The character of a property is what makes it stand out and worth returning to. The most obvious way to measure this is to enquire about the number of returning non-business guests. Who is willing to continue paying their own money to go to the same place because it makes them feel something?
This is why I never stay in Hiltons. I have nothing against them and, in fact, admire their brand-building, but they don’t have anything unique about them. A very well-run Hilton could earn Four Foxes but never Five. Each one is the same as the other, whether in Marseille, Bangkok or Tulsa. They lack character.
When delving into the soul of a property, we should ask ourselves if it is rooted in the destination or if it could be anywhere.
Is there a unique atmosphere? Or, to use the parlance of the travel influencers, is it a vibe?
Is there a strategy behind the design? Is there attention to detail within it? And, for GlobeFoxing, does the place have a story behind it and, if not, is it trying to write one?
These are the intangibles that make the difference between Four and Five Foxes. Hotels can be magical places, but that magic comes from intentionality in character.
How to get a Fox for character: Returning guest loyalty, connection to the destination, atmopshere/vibe, intentional design and a story.
These are the five core metrics GlobeFoxing proposes to evaluate hotels on. Out with the stars, in with the Foxes.
The beauty of this system is that a Five Fox rating is not the be-all and end-all. The framework should be used to measure where a hotel stands in relation to what you value in a property, with full transparency.

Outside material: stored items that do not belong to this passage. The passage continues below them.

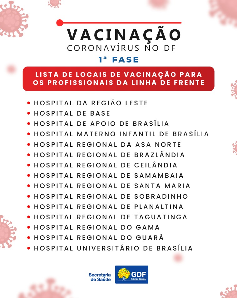 A primeira fase de vacinação contra COVID-19 terá como público-alvo os seguintes profissionais: Médicos, enfermeiros, técnicos de enfermagem, fisioterapeutas que atuam nas UTIs, profissionais administrativos que fazem a ficha de atendimento dos pacientes, vigilantes, profissionais de limpeza que atuam em hospitais e UBSs, Samu, bombeiros que estão no atendimento pré-hospitalar, profissionais da atenção primária que estão no atendimento a pacientes com sintomas respiratórios.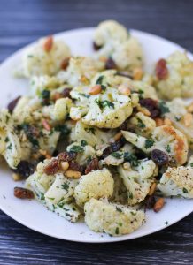 A delicious combination of roasted cauliflower, pine nuts and sultana raisins with a tangy Dijon vinaigrette. This is a great way to start a meal or can be served as a side dish, enjoy!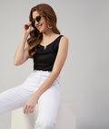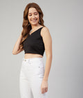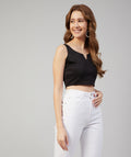 Chimpaaanzee Women Black Solid Bodycon Crop Top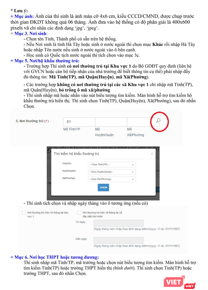 Khi đăng ký dự thi, thí sinh phải kê khai bảo đảm chính xác các thông tin về mã tỉnh, thành phố, mã trường phổ thông... theo đúng quy định. Sau khi kết thúc thời hạn đăng ký dự thi, thí sinh không được thay các thông tin về bài thi, môn thi đã đăng ký.

If, for example, you are one of those people who do not care about what they ingest, then you will find a Fox for food meaningless and you should filter it out. Likewise, if you just need somewhere to crash for a few hours during a lengthy layover, then the sleep Fox should outweigh everything else.
You may also have a place where the service is a bit chaotic, but the food — when it finally arrives — is exquisite and the atmosphere is incredibly positive.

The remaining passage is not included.